- Citizenship: South Korea
- Education: Caltech Seoul National University
- Scientific career
- Fields: Electronic Engineering Applied Physics
- Workplaces: Harvard University Samsung Electronics LIGO
- Website: www.donheehamlab.org

= Donhee Ham =

South Korean electrical engineer

Donhee Ham is the John A. and Elizabeth S. Armstrong Professor of Engineering and Applied Sciences at Harvard University.

== Biography and Work ==
Ham is from Busan, South Korea. He received his B.S. in physics from Seoul National University in 1996, graduating atop the College of Natural Sciences with Presidential Prize. After fulfilling his military duty in South Korea in 1997, he went to Caltech, where he earned his M.S. in physics in 1999 and his Ph.D. in electrical engineering in 2002. His PhD thesis on statistical physics of electrical circuits won the Caltech Charles Wilts Prize given to the best Electrical Engineering dissertation. He joined Harvard in 2002 as assistant professor, and became associate professor in 2006, John L. Loeb Associate Professor of the Natural Sciences in 2007, Gordon Mckay Professor of Applied Physics and Electrical Engineering in 2009, and the John A. and Elizabeth S. Armstrong Professor of Engineering and Applied Sciences in 2023. He was also a Fellow of Samsung Electronics from 2019 to 2024.

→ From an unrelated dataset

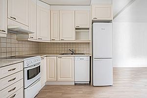 - Astianpesukone, jääkaappipakastin, liesi, liesituuletin, ja kiinteät valaisimet

His research work is on CMOS-bio interface for neuroscience and biotechnology, machine intelligence and neuromorphic engineering, scalable nuclear magnetic resonance (NMR), integrated circuits, and beyond-CMOS electronics. Notable work includes: CMOS-neuroelectronic interfaces for massively parallel intracellular recording of mammalian neurons and their application in machine intelligence; CMOS-electrochemistry interfaces for biological cell screening and arrayed pH localization for high-throughput biomolecular synthesis; in-sensor and in-memory computing; NMR scaling that earned the MIT Technology Review Innovators Under 35 (TR35) recognition; integrated circuit design for analog AI computing, frequency generation and synthesis, microprocessor thermal monitoring, RF transceivers, image sensing, and electrochemical/biological interfaces; and low-dimensional electronics, such as graphene kinetic inductance measurements and light slowing by collective excitation of 2D electrons. Ham is also known for his teaching.